Frankfurt Smart City: Lösungen per App
Der studierte Wirtschaftsinformatiker leitet bei Mainova den Bereich Business Development Smart City. „Wir bieten bundesweit zahlreiche Lösungen an, die wir zusammen mit Start-ups entwickelt haben.“ Mit den angebotenen Apps könnten beispielsweise Kunden aus der Immobilienbranche den Wasserverbrauch und die Heizsysteme ihrer Objekte kontrollieren. Es gebe im Markt zudem Füllstandserkennung von Müllbehältern und Glascontainern. „Und auch das Parkraummanagement kann optimiert werden – unter anderem die Erkennung von Falschparkern.“
„Wir bieten eine breite Palette von Problemlösungen an. Die Projekte stellen unser Know-how bei Aufbau und Betrieb komplexer technischer Infrastrukturen unter Beweis.“ – Diana Rauhut
Diana Rauhut, als Vorständin der Mainova AG zuständig für die Digitalisierung, ist stolz auf die von ihrem Unternehmen gestaltete Smart City-Plattform. „Sie ist anwenderfreundlich und hat in diesem Jahr den Innovationspreis des Verbands kommunaler Unternehmen erhalten“, teilt sie mit. „Wir bieten eine breite Palette von Problemlösungen an. Die Projekte stellen unser Know-how bei Aufbau und Betrieb komplexer technischer Infrastrukturen unter Beweis.“ Fortlaufend würde mit Partnern Neues für Unternehmen, Regionen und Städte erarbeitet, hebt die studierte Volkswirtin hervor.

Smart City und Angebote für die Wirtschaft
Für die Wirtschaft in einer Smart City ist es wichtig, dass nicht nur IT-Techniker mit den gewonnenen Daten operieren können.

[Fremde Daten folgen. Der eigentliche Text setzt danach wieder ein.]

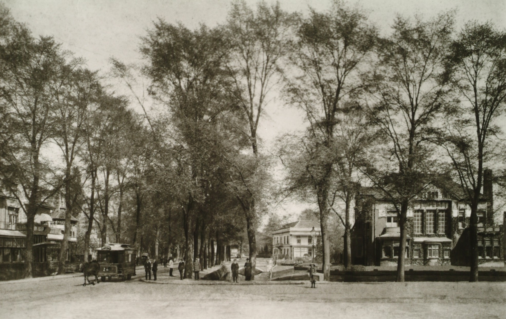 - Links is een deel van Hotel Ponsen zichtbaar en achter Simpang ligt Huize "St. Anna".

Dienstleister wie das Data Science Institut „infas 360“ bereiten die Infos so anschaulich auf, dass jeder damit umgehen kann. Gemeinsam mit der German Data Science Society organisiert man im November einen „Summit“ für Städte und Kommunen. Die Community interessiert sich für Daten, Analysen und Anwendungen. Das Treffen soll bei der Mainova stattfinden.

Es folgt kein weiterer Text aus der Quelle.